Now if Brent can tell us how to build a successful consulting business I would be set 😉
Ask, and ye shall receive: https://ozar.me/tag/consulting/
You are the best. Id love to get into consulting but what holds me back is, why would someone hire me instead of the next guy!
Ill make sure to go through it all. Thanks again
Because you’re watching this and looking at Consultant Toolkit, you’re probably already better than the next guy.
“Every single time, folks are just shocked about what they’ve got left lying around in the database.”
Almost every application I’ve worked on had at least one logging table (ChangeLog, ErrorLog, TransactionHistory, etc.) some developer set up without creating any purge mechanism, so it could grow without bound until it created some major problem.

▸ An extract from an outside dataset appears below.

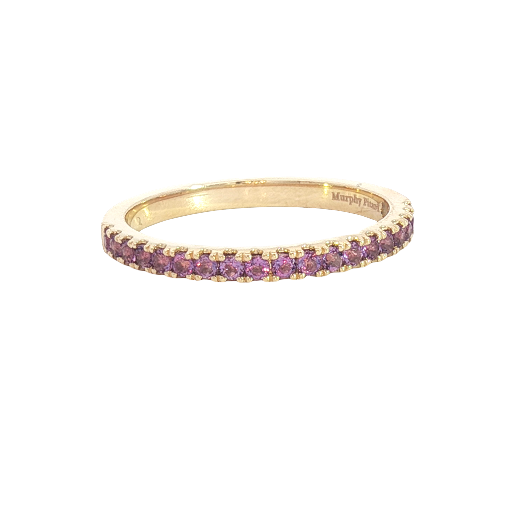This elegant eternity ring features a continuous band of sparkling amethyst. Each round brilliant cut amethyst is carefully set in lustrous 14K yellow gold. The amethysts display very good transparency, polish, and symmetry, enhancing the ring's overall brilliance. Perfect for adding a touch of timeless color to any ensemble.

After I pointed this out in one system, the implemented “fix” was to copy the contents to a dated copy of the table (TableNameCopy20200818, for example), then truncate the main table. The number of dated copies was allowed to grow without bound! This made it through a code review without comment and everyone thought it was great until I found it in production, They then had to deploy a second fix (to drop those “copy” tables with a date part in the name that was older than n number of days ago).
Mark – it’s absolutely true! I run across that same logging table problem all the time.
I’m managing over k of DBs and each db has superfluous object which varies 100MBs to 100GBs. according to dev, it can be purged. oh my*****
Awesome! You don’t have to tip me the full amount of the backup storage that you’re saving, but just like a 15% tip would be great. 😉
Hi Brent, I would like to know if you have tools with the consultant toolkit to help analyse or making decisions for a version of a database installed on multiples sites with results sent on Amazon. A kind of BI analysis for general trends, because, of course, data size, distribution or usage vary between customers.
Denis – no.
This is great!
Re your Page IO Latch Wait ms comment – tables scanned to disk but not cached in RAM – what are the implications… not enough RAM?
Thanks, glad you like it. No, unfortunately it’s a lot more complex than that – if you’ve got my Live Class Season Pass, check out the Mastering Server Tuning module on how to fix PAGEIOLATCH waits.
Ah gutted – can’t get that as I’m in the EU.
Oh well, given me something to try to research as I’m surprised how many of my indexes are apparently not being cached.
One of the outputs from BlitzIndex on my enviroment was:
” The check constraint [CKC_GEOM_E_GIS_OS] on [dbo].[e_gis_osd] is based on ([geom].[STIsValid]()=(1)). That indicates it may reference a scalar function, or a CLR function with data access, which can cause all queries and maintenance to run serially. ”
However [e_gis_osd] is a geometry Data Type and [geom].[STIsValid]()=(1) validates if the geometry is valid. Therefore, I assume that the Check Constraint is okay.
Hi! For personalized support on your environment, either read the readme included with the scripts, or click Consulting at the top of the site.
Is it common for sp_BlitzIndex to run for over an hour on a database that is about 200 GB in size?
Looking at the Messages it’s been performing this step for most of the duration:Inserting data into #IndexPartitionSanity
For support on the scripts, check the readme.txt file on where to ask questions.
Read the readme file (which I’ve grown accustomed to ignoring from previous experience with other software providers). Now, I’ve put the question out into the ether of the slack channel. We’ll see what happens.
Nothing’s in the #FirstResponderKit Slack channel from you, so just FYI, probably want to read the readme a little more closely.